Saturday, September 13, 2008

Obama bloodied by Team McCain in electoral cage fight

Michael Tomasky has an article in this morning's Guardian newspaper about how John McCain is managing to win the battle for the daily news cycles and how, winning these battles, is helping him to win the election. At the moment the Obama campaign appears to me to be honourable, but relying far too much on the facts to win it's case.

Sadly, the appearance of Sarah Palin into this election - and the effect she has had - convinces me that Americans do not actually vote for policy; and that a candidates story - in her case the simple tale of the "hockey mom" who fights for good - has much more effect than such a thing would ever have in here Britain where we pride ourselves on our cynicism.

Obama has a great story to fit into this narrative, this guy really is the enactment of the American dream, but since winning the nomination - with the exception of a terrific acceptance speech - he's turning into a policy wonk, hoping the fact that the Republican party want to offer more of the same will be enough to win.

The figures seem to be saying the opposite and that's because McCain, through a series of scurrilous lies, is managing to keep Obama always defending and never attacking.

On the few occasions when McCain and Palin have actually been asked to answer questions their incompetence has been blatant. The selection of Palin, which is ludicrous on it's face, appears to have somehow stumped the Obama campaign. It's as if they don't want to hit this Bambi figure too hard in case they are perceived as being sexist. This is a nonsense, and it's impossible to think of either of Palin's historical precedents - Thatcher, Clinton - demanding, as McCain did in a recent ad, that any questioning of her which appeared to damage her would be grossly unfair.
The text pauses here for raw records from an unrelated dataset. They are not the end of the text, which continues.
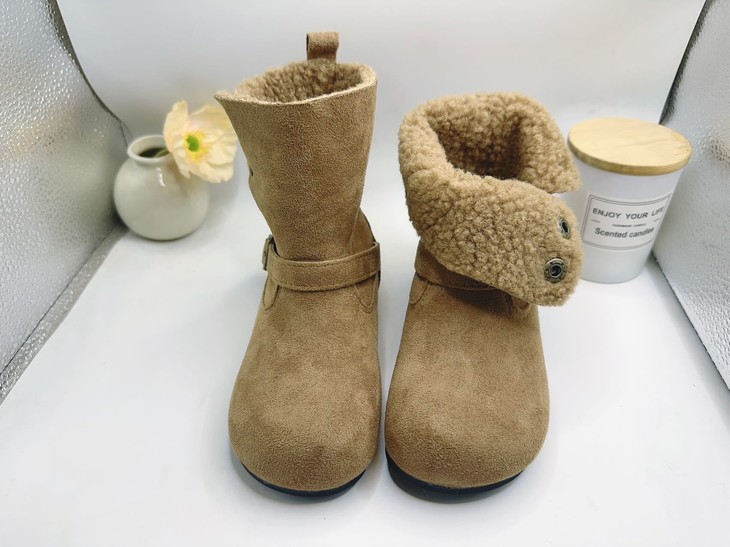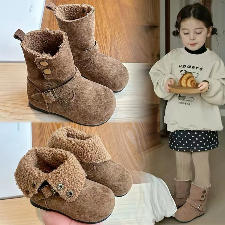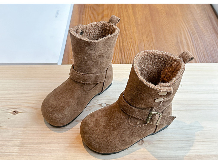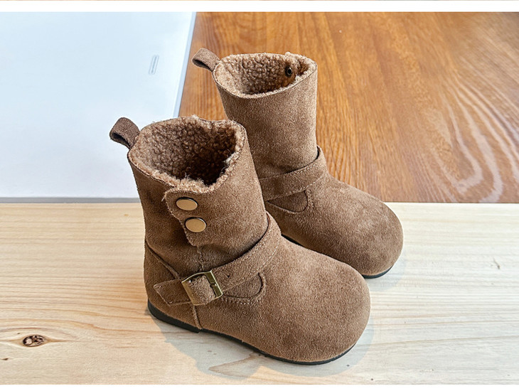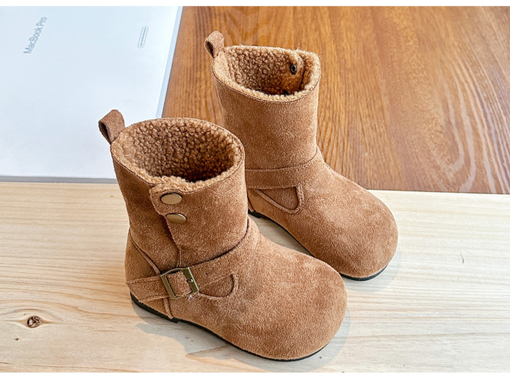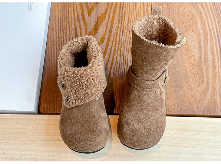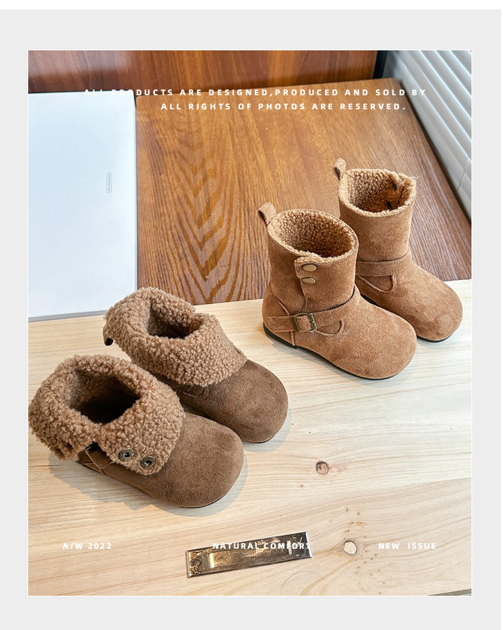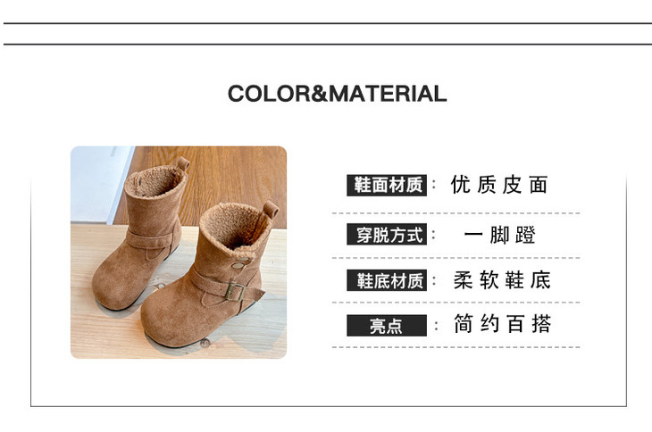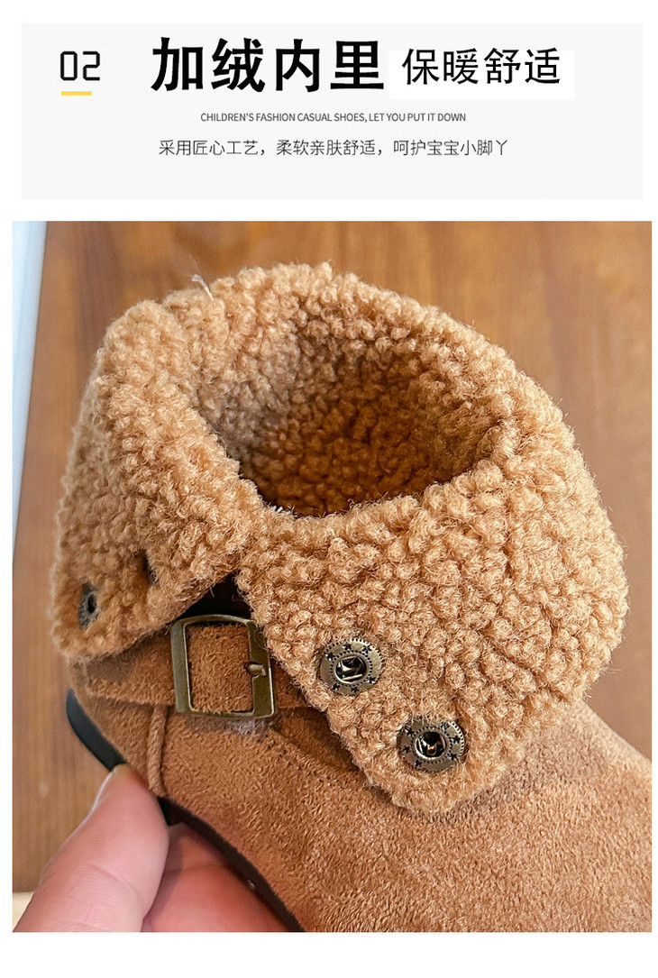 岁愿冬季新款儿童品质版两穿加绒保暖百搭绒面棉短靴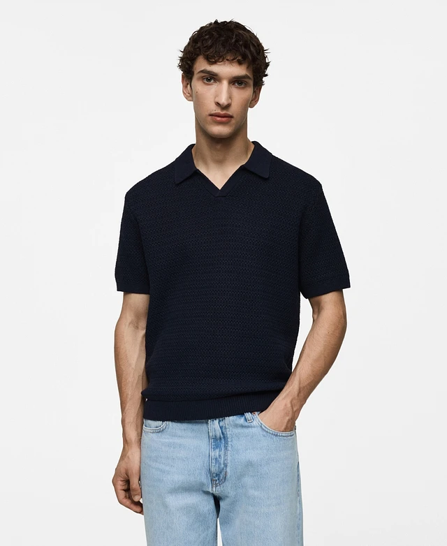 Mango Men's Cotton Braided Knitted Polo Shirt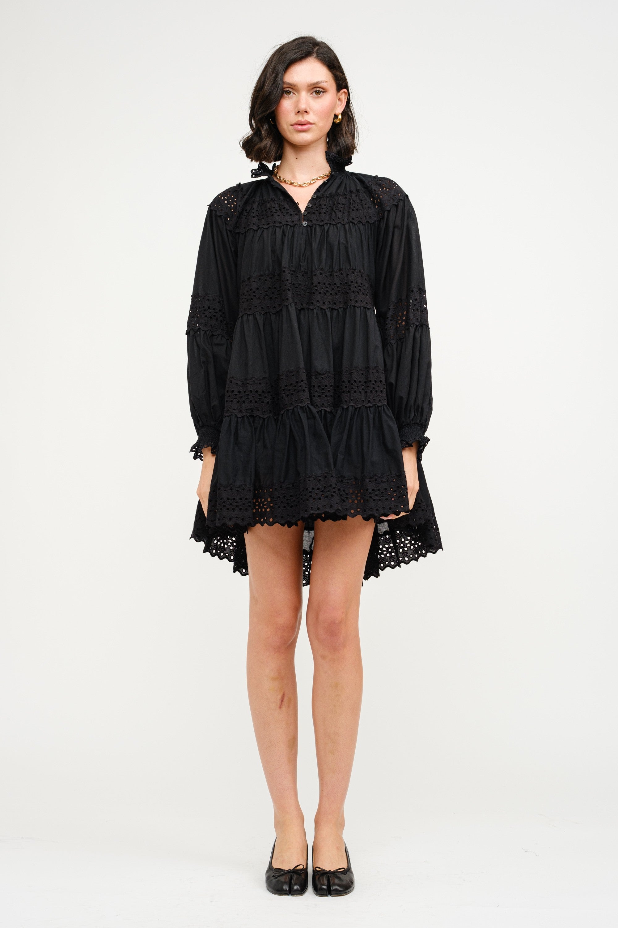 This Tripp Lace High Low Dress is perfect for any occasion. Made with a soft and comfortable cotton material, this dress features elegant trim insets that add a touch of sophistication. Its high low design is on trend and flattering for all body types. Stay stylish and comfortable with this must-have dress.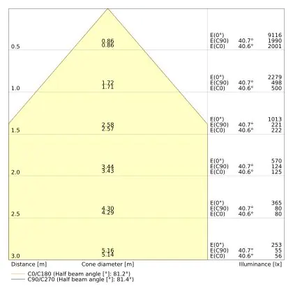 ![]() Le code couleur se compose de l'indice de rendu des couleurs (IRC) et de la température de couleur (Kelvin). Le premier chiffre indique le rendu des couleurs (1 = très mauvais rendu des couleurs, 9 = meilleure authenticité des couleurs). Le deuxième et troisième chiffre indiquent la température de la couleur. Exemple : Le code couleur "830" indique que la lampe a un bon rendu des couleurs (8) et une couleur de lumière blanche chaude (30 = 3000K). |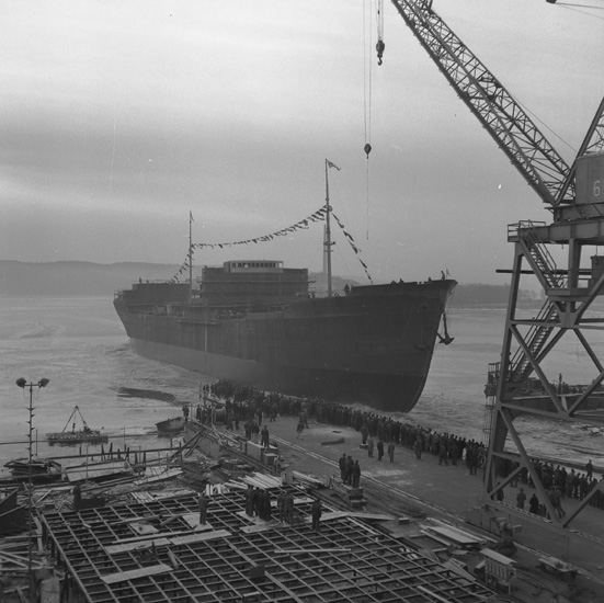 Dop och sjösättning av 159 M/T Ragna Gorthon.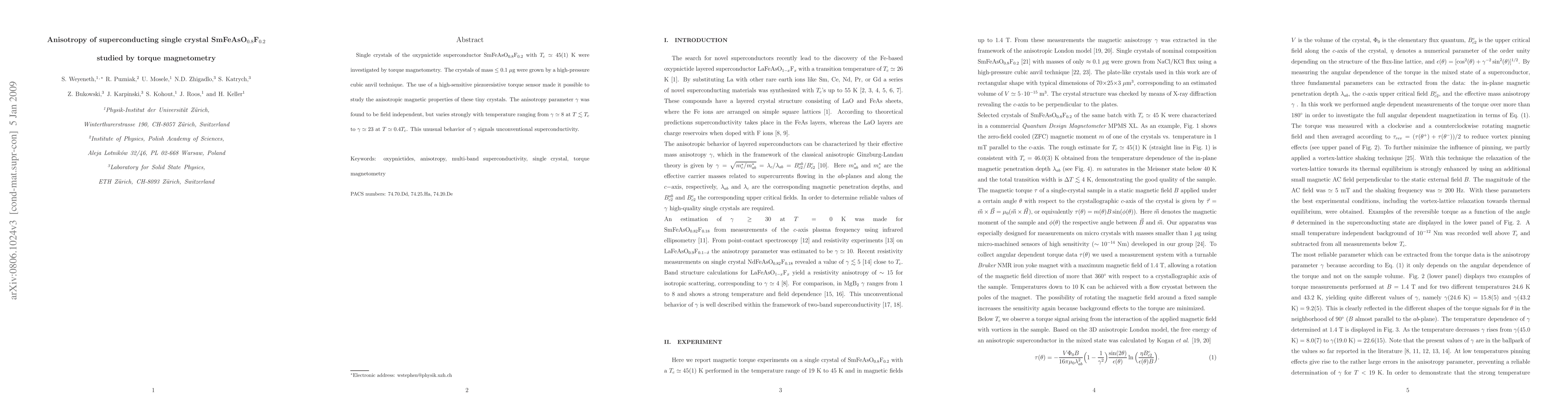 This study investigates the anisotropic magnetic properties of SmFeAsO_(0.8)F_(0.2) superconductors using torque magnetometry, revealing an unusual temperature-dependent anisotropy parameter indicative of unconventional superconductivity. The findings suggest a significant anisotropy ranging from 8 at T_c to 23 at 0.4T_c, highlighting the material's unique superconducting behavior.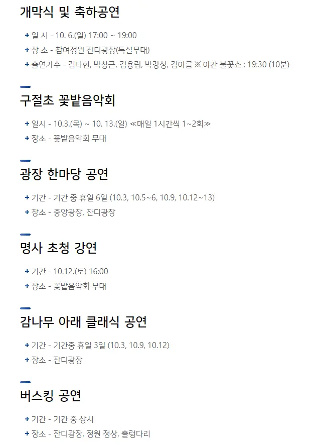 | 꽃밭음악회 | 10월 3일 ~ 13일, 매일 1~2회 공연 |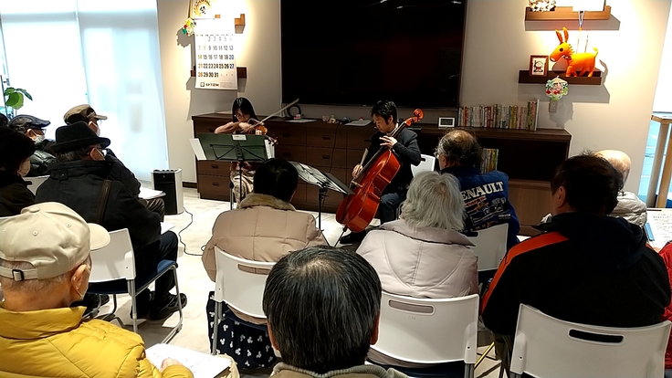 今日は弦楽2重奏でのまちかどコンサートを開催しました。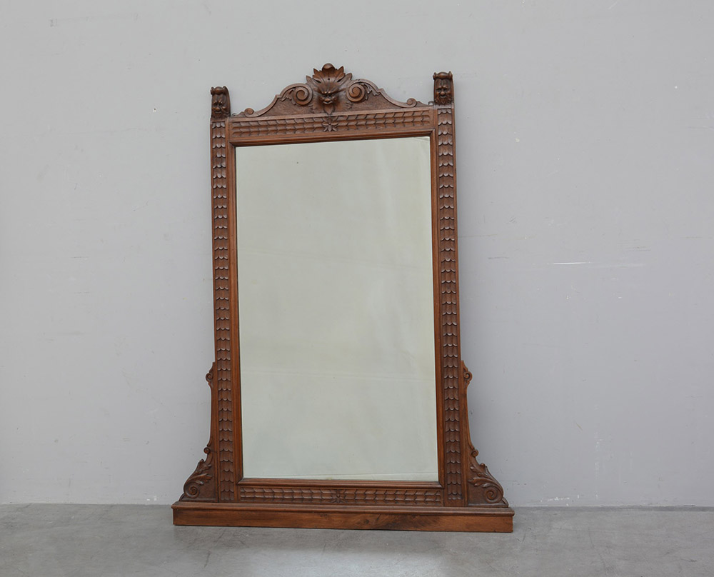 Specchiera rettangolare con cimasa sagomata e intagliata con mascheroni e motivi vegetali (cm 163x120)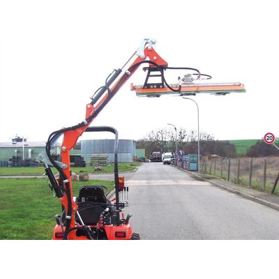 Hydraulic hedge trimmer adaptable to tractor from 16hp.The VIPER hydraulic hedge trimmer has been designed to trim field hedges, hornbeam hedges and cedars. A robust hedge trimmer mounted behind compact tractors or micro tractors from 16hp. Fitted as standard with a 1m20 long rotating cutter bar, it does not clog and easily ejects pruning rejects above the hedge. The VIPER pruner will also be effective for pruning fruit trees. Characteristics Adaptation in 3 rear points Teleflex cable control Hydraulic power unit as standard Vertical cutting height: 4230 mm Horizontal cutting height: 2680 mm Offset on the right side: 2000 mm Cutting width: 1 m 20 Floating safety on the cutter bar in the event of light effort Maximum cutting diameter: 30 mm Weight: 250 kg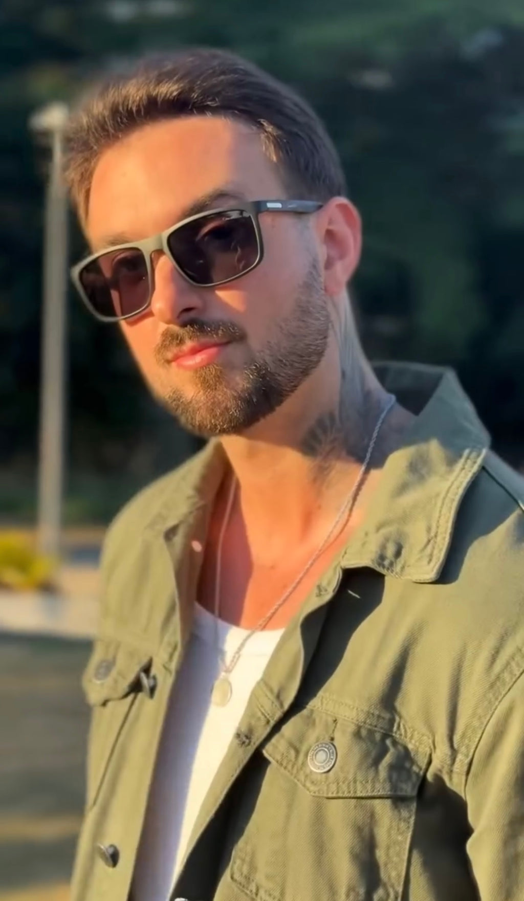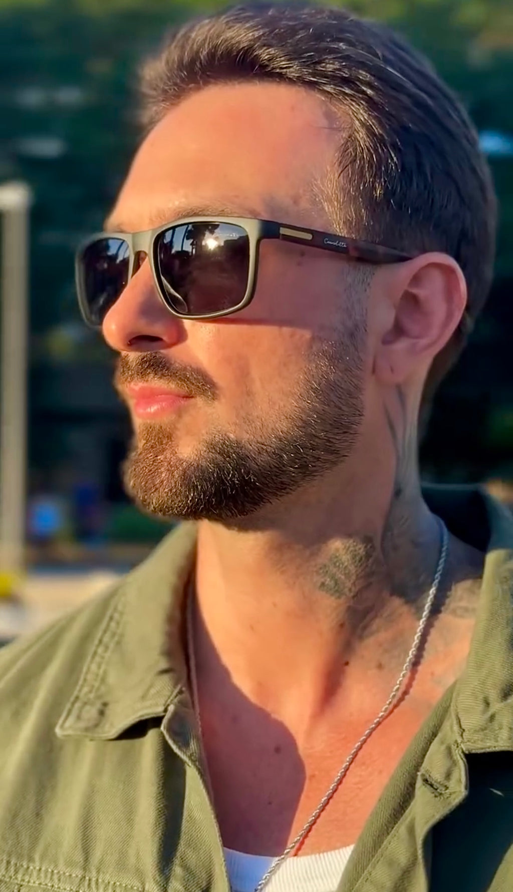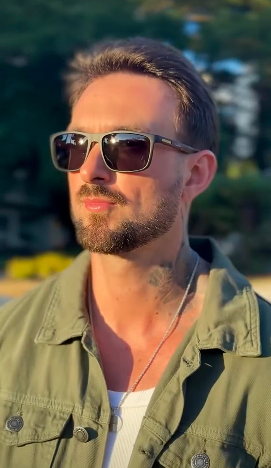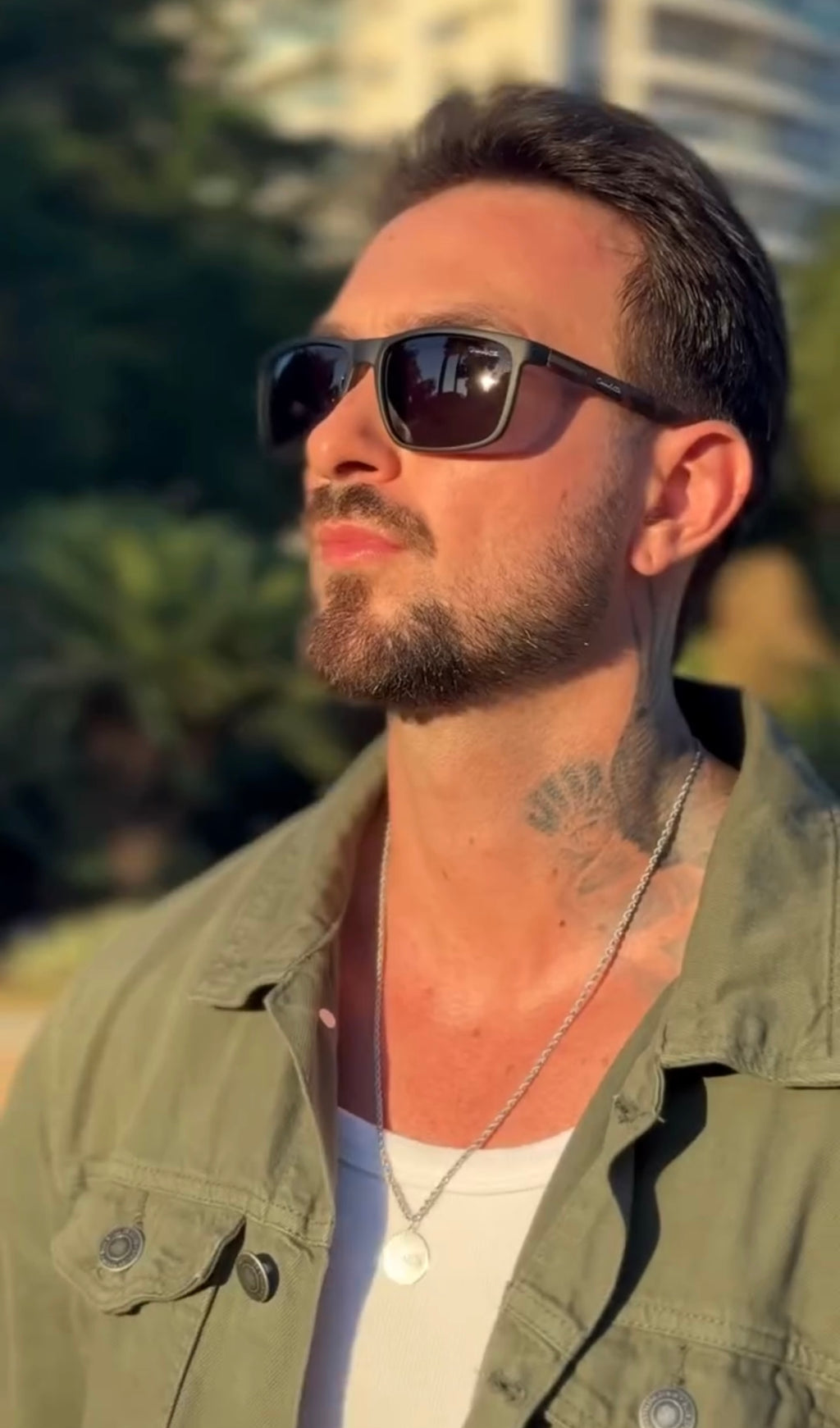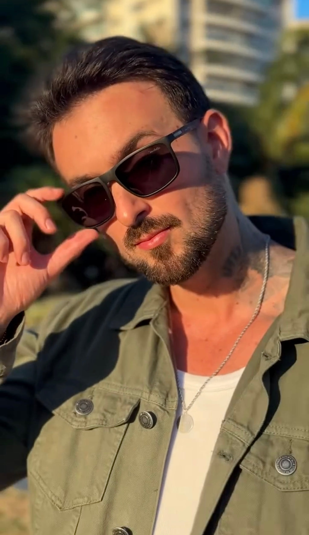 Óculos com hastes em acetato tartaruga, frente em preto fosco e lente preta polarizada.

She wants to be second in line to rule the free world for God's sake, she should be open to having who she is and what she believes scrutinised fully.

But, at the moment, as Tomasky points out, McCain is ruling the news cycles and he doesn't care whether what he is saying is true or not.

The McCain campaign is the news-cycle campaign. It is built around its television advertisements and attention-getting claims made on the stump that are all about winning that day's news cycle.

The basic idea is, if you win enough news cycles, you've dominated the discourse, you've manipulated the news coverage, you've gotten your message out at the other fellow's expense, you've kept him on the defensive. Do all that and you're going to win. Many of these advertisements and claims are contemptible lies (see sidebar). The nature of McCain's campaign is all the more shameful considering that he's doing many of the exact things that were done to him by George Bush's campaign in 2000 -and employing some of the self-same people who did it to him to do it to Obama.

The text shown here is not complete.